There are a number of
meetings where qualitologists can get together and learn. Some of them focus on proficiency, some focus
on patient safety, and some are generally unfocused. But clearly and without doubt the leader in
quality oriented meetings is the Lab Quality Confab held annually for the last
6 years by Robert Michel the editor and driving force behind the Dark
Report. Not surprisingly, the majority
discussion is framed around Quality from the perspective of the US health
laboratory, but of interest to me is how many people make the trek from across
Canada to attend the Confab. Even if our
health administrative structures are different, the Quality and Leadership
themes of the meeting find accord on both sides of the border. What surprises me is the absence of
representation from Australia, Asia, and, Europe and Mexico.
Robert Michel is highly
connected to the Quality community, and brings together the prime movers and
shakers for 2-3 days to talk, think, and learn about Lean, Six Sigma,
Leadership, Innovation and Improvement with particular reference to the medical
laboratory. His speaker invitation list
regularly includes leaders like Richard Zarbo from the Henry Ford Health System
in Michigan and Rick Panning now of Fairview Health Services in Minnesota and
Stephen Raab from Eastern Health in Newfoundland.
The meeting was
opened by Michel talking about the new report by the Institute of Medicine
entitled Best Care at Lower Cost: The Path to Continuously Learning
Health Care in America
which highlights
the value and importance and opportunities for implementing Lean and Six Sigma
as tools to result in better handling of information and process in order to
result in better effectiveness and productivity as the same time as lower error
rates and more effective cost savings.
There is no doubt the squeeze is on, as the report makes the point that
over the last decade, “a 30% increase in personal income over the past decade
effectively eliminated by a 76% increase in health care costs”. Clearly this is an unsustainable trend that
will be addressed, either by healthcare or by politicians.
Consistent with
the message, Richard Zarbo pointed out how with effort and foresight and application of
Lean principles, anatomic pathology can, and indeed must, revamp itself and
result in faster more effective workflow with improved performance and huge
savings in turnaround time.
ISO 15189 is
continuing to take hold in the US with
now near 24 laboratories being accredited on a volunteer and supplementary
basis. K. McCloy from LabCorp gave a
compelling presentation on her experience as 5 Labcorp sites underwent the
15189 experience. No this is not for
every laboratory, but clearly that go through the exercise clearly come out the
other end is better shape that when they went in.
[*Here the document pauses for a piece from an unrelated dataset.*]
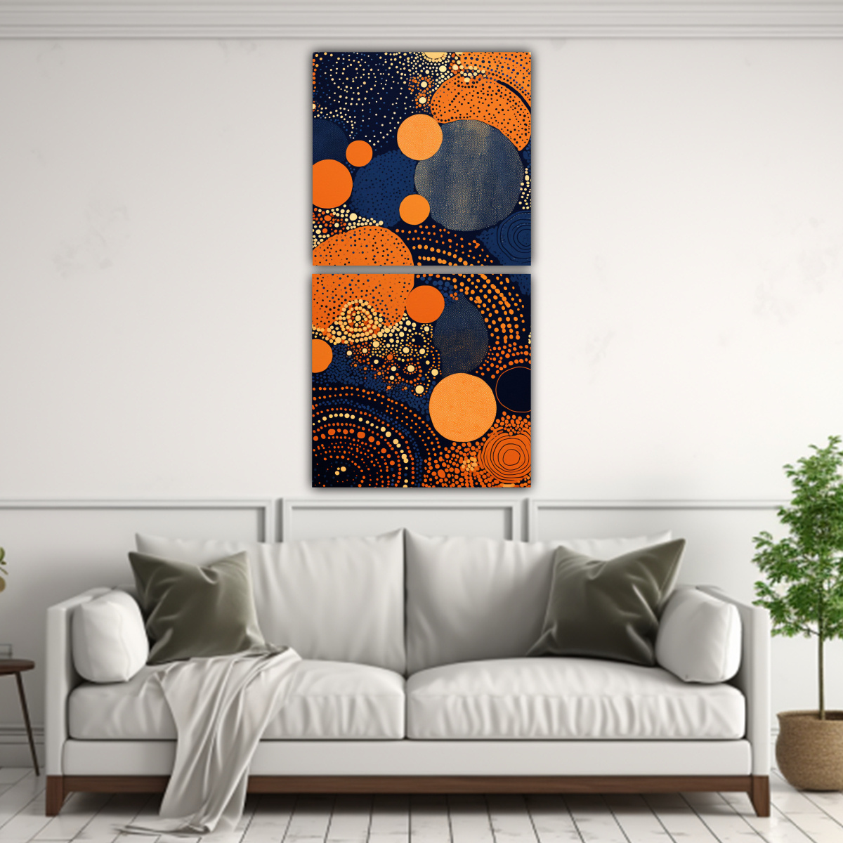 Este cuadro geométrico en papel tapiz naranja y azul es perfecto para decorar tu sala de estar Colócalo sobre un sofá en tonos neutros para crear un contraste llamativo y moderno Además, puedes complementar la decoración con cojines en los colores presentes en el cuadro, como el coral, el amarillo claro o el dorado ¡Atrévete a darle un toque de originalidad a tu espacio con este cuadro exclusivo de DecoCuadros!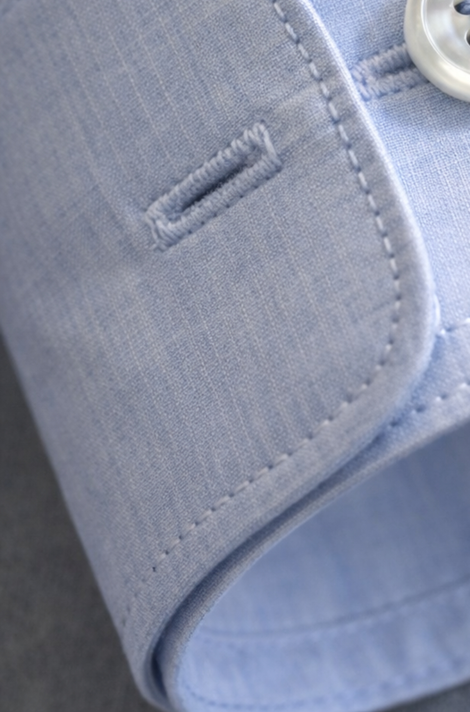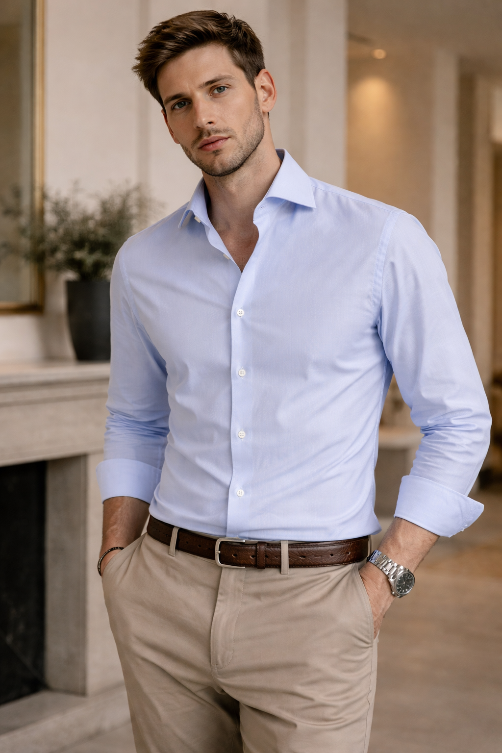 The clean front placket and light-colored buttons with a slightly glossy finish maintain a balanced and minimal aesthetic, while buttoned cuffs complete the structure. Subtle stitching and the absence of decorative elements emphasize the garments refined simplicity. The internal cucito a mano label highlights attention to detail. A versatile shirt suitable for both formal settings and modern everyday wear.

One of the scariest presentations was given by Nora Hess talking about a laboratory (named in the presentation, but not shared here) got caught in an administrative nightmare when they were reported for having send part of a PT sample to another laboratory, not for malicious reasons, but because because some workers overinterpreted the PT provider's rules about handling PT samples consistent with how a laboratory handles their routine samples. In a very scary fashion, the US process treated a minor "transgression" with a sledge hammer, way out of proportion to the "crime". What is important is that if the PT scheme had used a CMPT approach, the whole problem would have gone away.
I gave a
presentation on proficiency testing based on our CMPT experience and talked
about the huge benefits and advantages that stem from smaller boutique programs
that use simulated samples. Not everyone
agreed with me, but afterwards I was pleased by the questions and discussions
that followed. Clearly there are some
appreciate that our approach has value.
Clearly not all presentation were pearls, but all-in-all this
is a great meeting that meets all my needs: an excellent meeting in a good
venue with tons of stimulating thought and activity. I cannot ask for more.
I am energized.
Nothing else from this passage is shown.